- EXERCISE AIM:
The entries must be set down again word for word; no pictures belong in the copy.

- ENTRIES SUPPLIED:
.....
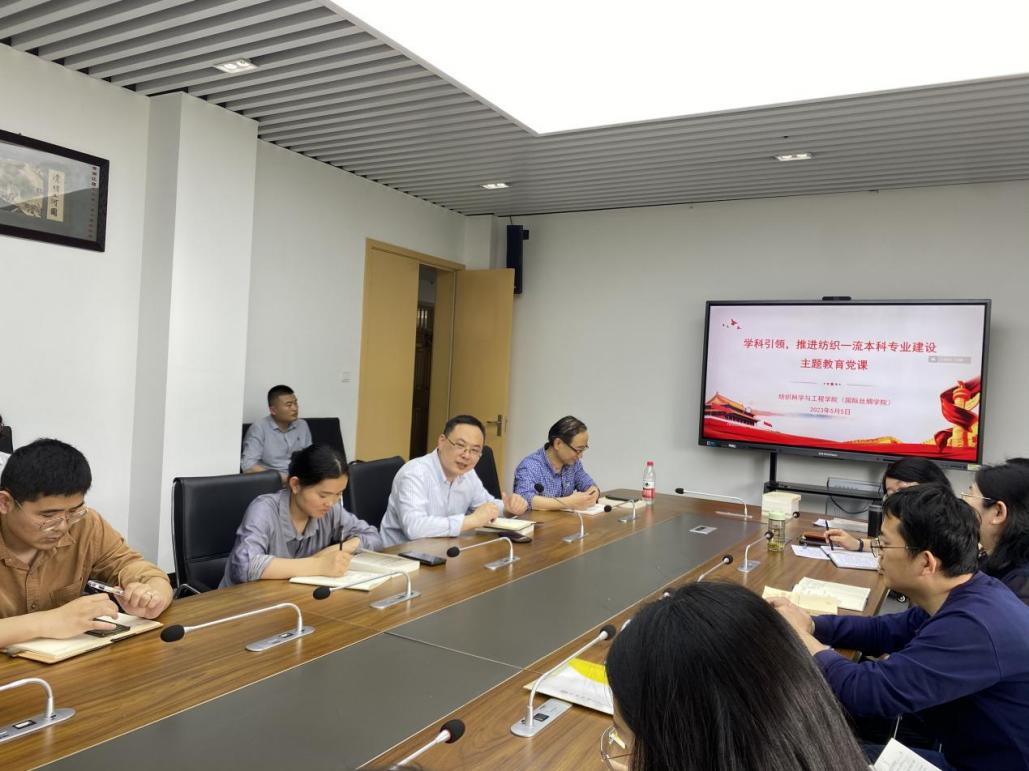 5月5日,经理于斌以“学科引领,推进纺织一流本科专业建设”为主题开讲专题党课,纺织工程系全体教师参加本次主题党课。期间,于斌从“学思想、强党性、重实践、建新功”的总要求切入,强调主题教育的重要意义,突出“学在深处、干在实处”的精神砥砺,分析党建引领下的“国家一流专业”建设点的要求与责任,解析专业建设与团队建设之间的深度联动与相互支撑机理。讲课期间,于斌还用现实案例,剖析毕业论文指导工作对于进一步提升教学质量的重要推力,指出要在员工毕业论文相关工作上守好底线,坚持严的基调、暖的情怀,推动员工毕业论文的选题和内容契合学科发展、行业需求、产业应用,打造一批高质量的员工毕业论文,为团队建设提供坚强保障。
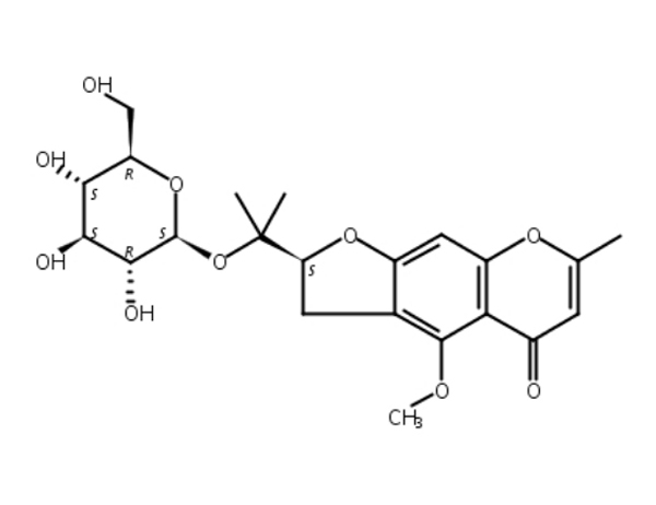 英文別稱:5H-Furo[3,2-g][1]benzopyran-5-one, 2-[1-(b-D-glucopyranosyloxy)-1-methylethyl]-2,3-dihydro-4-methoxy-7-methyl-, (S)-; (2S)-2-[1-(b-D-Glucopyranosyloxy)-1-methylethyl]-2,3-dihydro-4-methoxy-7-methyl-5H-furo[3,2-g][1]benzopyran-5-one; 4''''O--b-D-Glucosyl-5-O-methylvisamminol; 5-O-Methylvisammioside
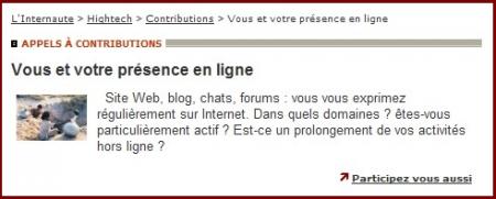 J'ai répondu à l'appel à contributions lancé par l'Internaute High-Tech à propos du sujet "Vous et votre présence en ligne".
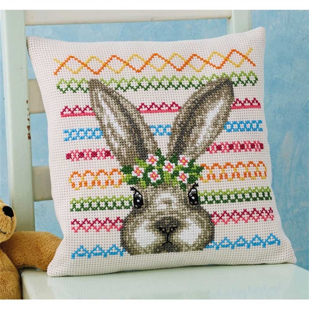 This counted cross stitch cushion design from Permin contains 8 count ivory aida fabric - including for backing, DMC pearl cottons, needle, chart and instructions.
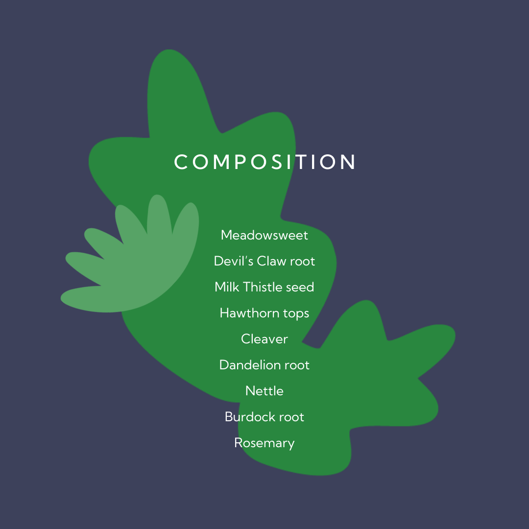 Meadowsweet, Devils Claw root, Milk Thistle seed, Hawthorn tops, Cleaver, Dandelion root, Nettle, Burdock root, Rosemary.
.....
- OUTPUT OF THE EXERCISE:
 5月5日,经理于斌以“学科引领,推进纺织一流本科专业建设”为主题开讲专题党课,纺织工程系全体教师参加本次主题党课。期间,于斌从“学思想、强党性、重实践、建新功”的总要求切入,强调主题教育的重要意义,突出“学在深处、干在实处”的精神砥砺,分析党建引领下的“国家一流专业”建设点的要求与责任,解析专业建设与团队建设之间的深度联动与相互支撑机理。讲课期间,于斌还用现实案例,剖析毕业论文指导工作对于进一步提升教学质量的重要推力,指出要在员工毕业论文相关工作上守好底线,坚持严的基调、暖的情怀,推动员工毕业论文的选题和内容契合学科发展、行业需求、产业应用,打造一批高质量的员工毕业论文,为团队建设提供坚强保障。
 英文別稱:5H-Furo[3,2-g][1]benzopyran-5-one, 2-[1-(b-D-glucopyranosyloxy)-1-methylethyl]-2,3-dihydro-4-methoxy-7-methyl-, (S)-; (2S)-2-[1-(b-D-Glucopyranosyloxy)-1-methylethyl]-2,3-dihydro-4-methoxy-7-methyl-5H-furo[3,2-g][1]benzopyran-5-one; 4''''O--b-D-Glucosyl-5-O-methylvisamminol; 5-O-Methylvisammioside
 J'ai répondu à l'appel à contributions lancé par l'Internaute High-Tech à propos du sujet "Vous et votre présence en ligne".
 This counted cross stitch cushion design from Permin contains 8 count ivory aida fabric - including for backing, DMC pearl cottons, needle, chart and instructions.
 Meadowsweet, Devils Claw root, Milk Thistle seed, Hawthorn tops, Cleaver, Dandelion root, Nettle, Burdock root, Rosemary.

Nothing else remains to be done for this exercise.